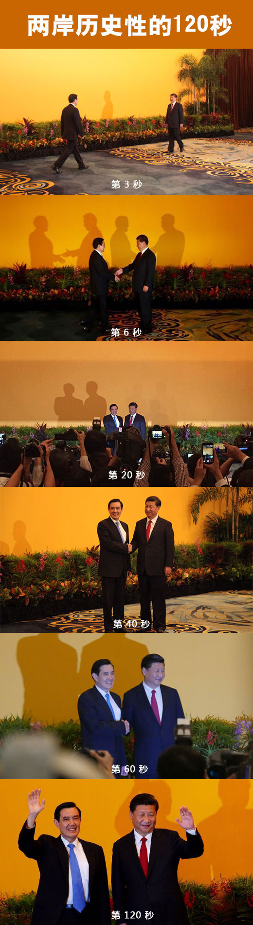 今天是一个非常特别的日子,两岸领导人见面,翻开了两岸关系历史性的一页。历史将会记住今天。
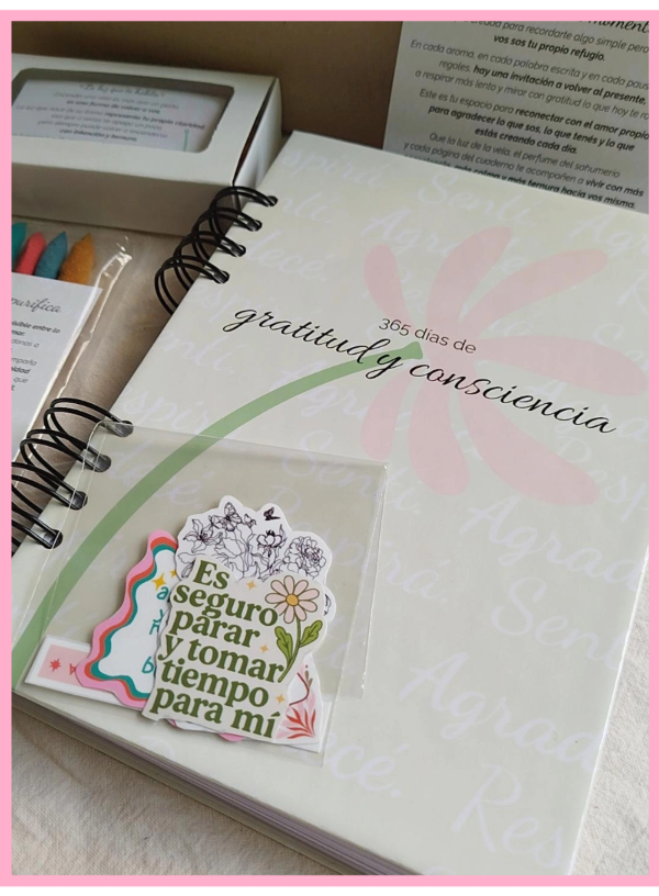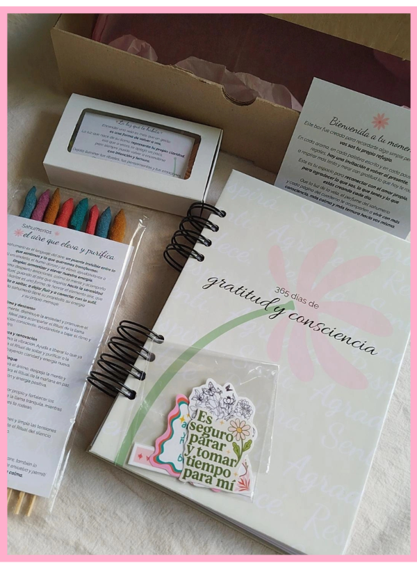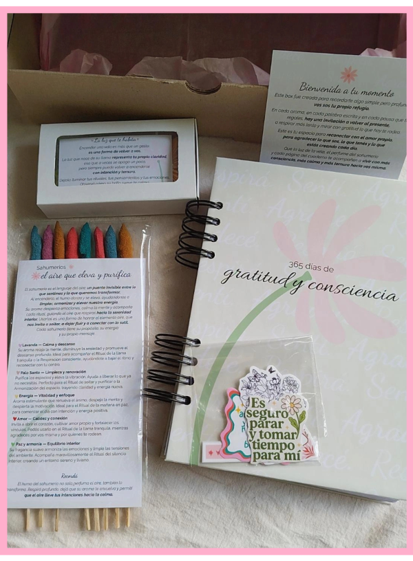 ✨ Esta Box es una experiencia completa de autocuidado, presencia y gratitud, que invita a aprender a ver lo bueno de cada día, cultivar consciencia y conectar con vos misma.
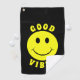 Good Vibes - Cool yellow happy smiling face. Drive the message down with a bold yellow on black design. Good vibes is a slang phrase for the positive feelings given off by a person, place, or situation. It evoked positive, safe, happy sensations. Sending good thoughts / positive energy, and it can also mean 'Right On!' and 'Go for it!'. An expression for many occasions.
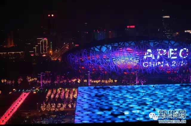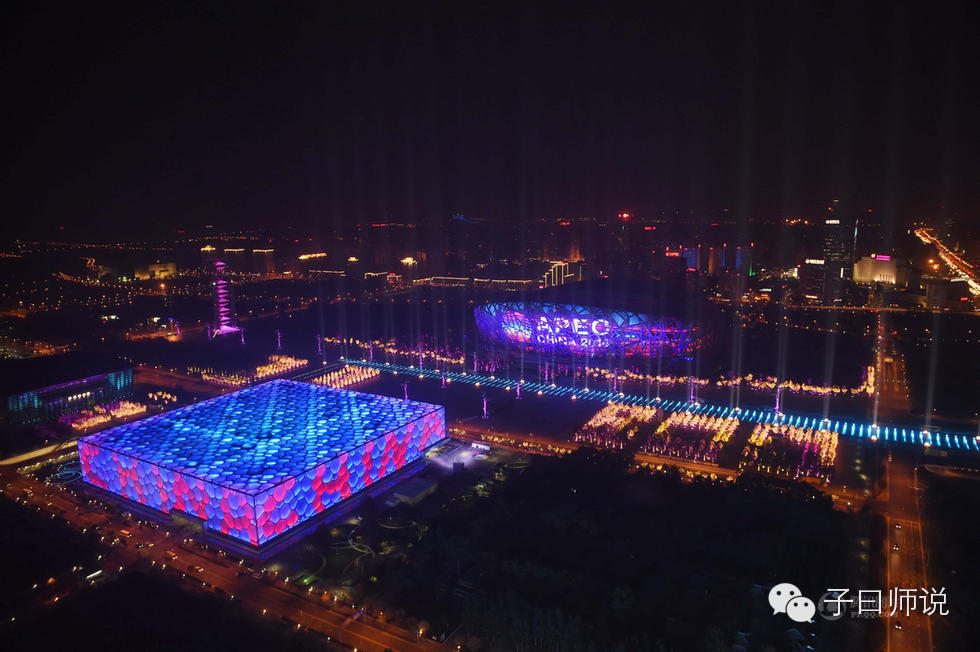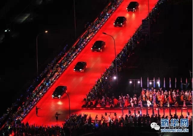 11月10号晚,璀璨的APEC之夜,水立方以APEC领导人非正式会议晚宴及文艺演出迎接贵宾,各国领导人陆续抵达水立方北门。现场用灯光打出了红毯,路边志愿者组成欢迎队伍载歌载舞,高唱《远方的客人请你留下来》。而这一晚的主题,就是:上善若水,同舟共济。

============================================================

ABOUT THIS EXERCISE:
The lines from the beginning of the listing above through the line holding "Good Vibes - Cool" are to be duplicated exactly, and the pictures omitted.

REPLY:
 今天是一个非常特别的日子,两岸领导人见面,翻开了两岸关系历史性的一页。历史将会记住今天。
 ✨ Esta Box es una experiencia completa de autocuidado, presencia y gratitud, que invita a aprender a ver lo bueno de cada día, cultivar consciencia y conectar con vos misma.
 Good Vibes - Cool yellow happy smiling face. Drive the message down with a bold yellow on black design. Good vibes is a slang phrase for the positive feelings given off by a person, place, or situation. It evoked positive, safe, happy sensations. Sending good thoughts / positive energy, and it can also mean 'Right On!' and 'Go for it!'. An expression for many occasions.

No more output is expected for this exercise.